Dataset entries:
---+---

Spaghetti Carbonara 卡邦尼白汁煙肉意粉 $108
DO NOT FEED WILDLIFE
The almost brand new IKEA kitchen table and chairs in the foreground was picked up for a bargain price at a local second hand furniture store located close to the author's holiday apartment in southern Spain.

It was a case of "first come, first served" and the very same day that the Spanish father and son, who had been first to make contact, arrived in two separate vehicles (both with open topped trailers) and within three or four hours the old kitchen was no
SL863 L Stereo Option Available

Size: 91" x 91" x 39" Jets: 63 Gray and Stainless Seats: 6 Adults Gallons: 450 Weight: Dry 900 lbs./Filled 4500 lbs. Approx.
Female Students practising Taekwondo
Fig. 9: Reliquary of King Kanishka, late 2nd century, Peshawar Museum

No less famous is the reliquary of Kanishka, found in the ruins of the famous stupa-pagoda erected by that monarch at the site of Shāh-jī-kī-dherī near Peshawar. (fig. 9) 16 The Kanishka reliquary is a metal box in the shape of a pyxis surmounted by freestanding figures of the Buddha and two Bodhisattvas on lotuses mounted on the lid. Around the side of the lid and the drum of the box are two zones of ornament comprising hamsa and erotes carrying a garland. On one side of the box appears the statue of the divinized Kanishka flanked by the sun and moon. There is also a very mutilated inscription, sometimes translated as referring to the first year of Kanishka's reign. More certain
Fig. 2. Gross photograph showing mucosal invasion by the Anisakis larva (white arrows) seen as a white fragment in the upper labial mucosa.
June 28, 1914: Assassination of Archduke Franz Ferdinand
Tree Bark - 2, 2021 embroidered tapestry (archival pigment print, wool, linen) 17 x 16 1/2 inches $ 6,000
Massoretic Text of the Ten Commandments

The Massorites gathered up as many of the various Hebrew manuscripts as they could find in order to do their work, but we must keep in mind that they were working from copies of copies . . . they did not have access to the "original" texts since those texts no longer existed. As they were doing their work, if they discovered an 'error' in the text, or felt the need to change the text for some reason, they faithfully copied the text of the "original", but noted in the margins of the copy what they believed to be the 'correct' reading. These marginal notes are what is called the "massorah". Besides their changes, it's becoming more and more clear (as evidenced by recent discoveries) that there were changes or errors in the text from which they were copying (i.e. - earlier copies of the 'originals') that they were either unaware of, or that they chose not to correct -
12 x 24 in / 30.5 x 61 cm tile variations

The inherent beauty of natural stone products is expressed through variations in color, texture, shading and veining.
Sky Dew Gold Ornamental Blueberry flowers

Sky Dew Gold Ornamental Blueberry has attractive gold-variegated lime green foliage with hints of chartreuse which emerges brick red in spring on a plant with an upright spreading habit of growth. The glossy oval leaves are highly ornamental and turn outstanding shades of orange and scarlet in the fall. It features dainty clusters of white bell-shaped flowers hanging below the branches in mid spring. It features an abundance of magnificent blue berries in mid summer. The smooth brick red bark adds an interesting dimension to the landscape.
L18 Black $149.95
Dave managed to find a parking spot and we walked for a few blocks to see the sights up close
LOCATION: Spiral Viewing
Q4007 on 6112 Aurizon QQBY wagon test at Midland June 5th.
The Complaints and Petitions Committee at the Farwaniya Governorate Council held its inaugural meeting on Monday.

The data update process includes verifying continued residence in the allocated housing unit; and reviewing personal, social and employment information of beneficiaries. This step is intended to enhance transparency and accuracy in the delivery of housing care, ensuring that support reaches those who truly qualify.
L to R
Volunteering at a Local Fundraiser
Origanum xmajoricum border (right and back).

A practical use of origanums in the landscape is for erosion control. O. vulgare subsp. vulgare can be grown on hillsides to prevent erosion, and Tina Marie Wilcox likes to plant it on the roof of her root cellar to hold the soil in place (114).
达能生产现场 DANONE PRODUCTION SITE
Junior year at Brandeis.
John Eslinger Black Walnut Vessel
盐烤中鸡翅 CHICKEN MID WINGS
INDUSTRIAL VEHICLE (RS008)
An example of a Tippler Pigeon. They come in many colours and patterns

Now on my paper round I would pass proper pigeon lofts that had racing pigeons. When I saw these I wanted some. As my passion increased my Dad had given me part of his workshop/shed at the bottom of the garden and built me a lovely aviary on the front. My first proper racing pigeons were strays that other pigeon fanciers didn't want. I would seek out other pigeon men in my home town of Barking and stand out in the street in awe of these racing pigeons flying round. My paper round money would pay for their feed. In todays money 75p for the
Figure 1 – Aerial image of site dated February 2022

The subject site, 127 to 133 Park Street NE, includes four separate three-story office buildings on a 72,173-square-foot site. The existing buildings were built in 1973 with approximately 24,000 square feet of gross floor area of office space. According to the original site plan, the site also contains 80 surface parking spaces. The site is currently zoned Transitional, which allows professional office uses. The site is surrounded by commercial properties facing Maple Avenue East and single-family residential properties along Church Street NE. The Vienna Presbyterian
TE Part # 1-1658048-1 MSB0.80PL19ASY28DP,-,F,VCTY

---+---

# [EXERCISE OBJECTIVE]
Output the lines of the records above exactly as they appear, from the line containing "L18 Black $149.95" through the line containing "The Complaints and".

# [TASK RESPONSE]
L18 Black $149.95
Dave managed to find a parking spot and we walked for a few blocks to see the sights up close
LOCATION: Spiral Viewing
Q4007 on 6112 Aurizon QQBY wagon test at Midland June 5th.
The Complaints and Petitions Committee at the Farwaniya Governorate Council held its inaugural meeting on Monday.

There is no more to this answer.